National Grid, the owner of Long Island's largest electric-generating stations, expressed support Monday for new federal rules to limit plant emissions, saying its generators are already largely compliant and could cut emissions further.

But a coal-fired unit across the Long Island Sound may be in regulators' crosshairs.

The Environmental Protection Agency Monday issued new guidelines designed to cut power-plant carbon dioxide emissions 30 percent by 2030.

The rules, expected to be finalized in 2015, take aim primarily at older, dirtier plants that burn coal, which provide about 40 percent of U.S. energy production. They aim to promote cleaner, more efficient plants, adopt measures to reduce energy consumption and expand renewable energy sources. The goal is to curb greenhouse gasses and reduce health and environmental impacts.

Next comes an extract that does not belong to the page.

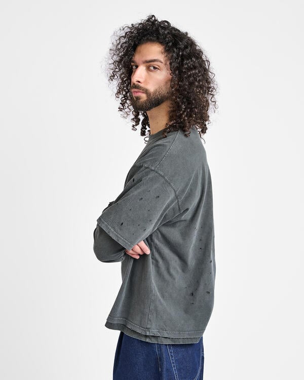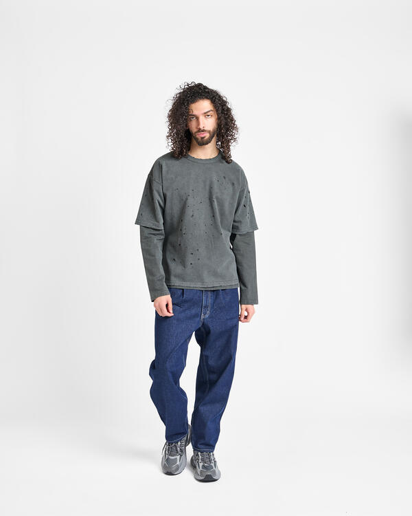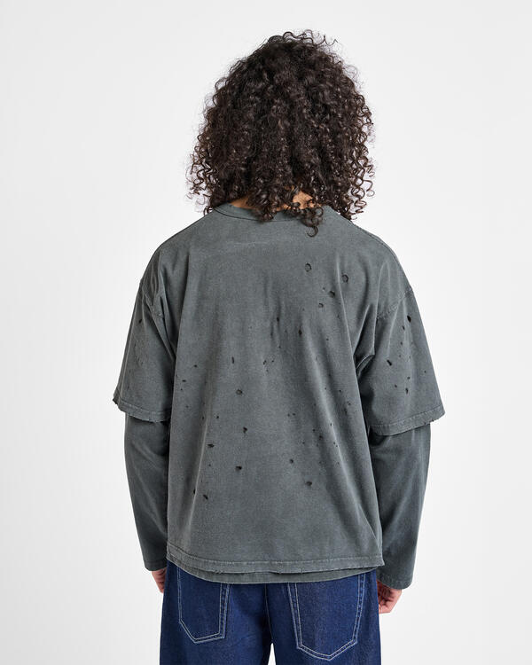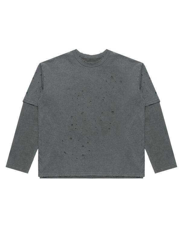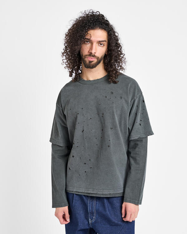 Dieses mehrlagige T-Shirt hat kurze und lange Ärmel und ist mit realistischen Abnutzungs- und Ausbleichungseffekten versehen, um den Eindruck jahrelanger Nutzung zu erwecken.
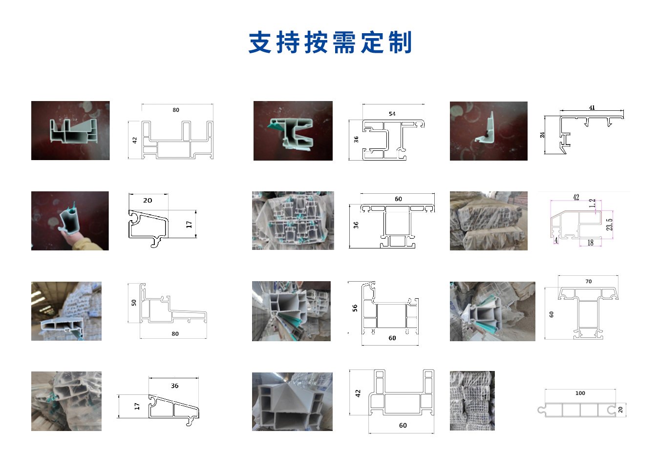 PVC異型材模具:PVC塑鋼門窗、平開門窗、推拉門窗、護(hù)欄、線槽等。

Long Island power plants no longer burn coal, though undersea cables linking Long Island to outside electric grids are supplied by plants that do. It is uncertain if closure of those plants would impact rates here.

Long Island power plants owned by National Grid -- which supply about half of the Island's power via three big steam plants and other smaller units for peak demand periods -- are fueled primarily by natural gas. Most of the big plants have seen emission-reducing retrofits over decades of use.

Accordingly, National Grid is raising no objections to the rules. "We support the new ruling as it allows flexibility at the state level and we are confident we will be able to realize additional emission reductions and achieve the levels set forth in this new EPA rule," spokeswoman Wendy Ladd said.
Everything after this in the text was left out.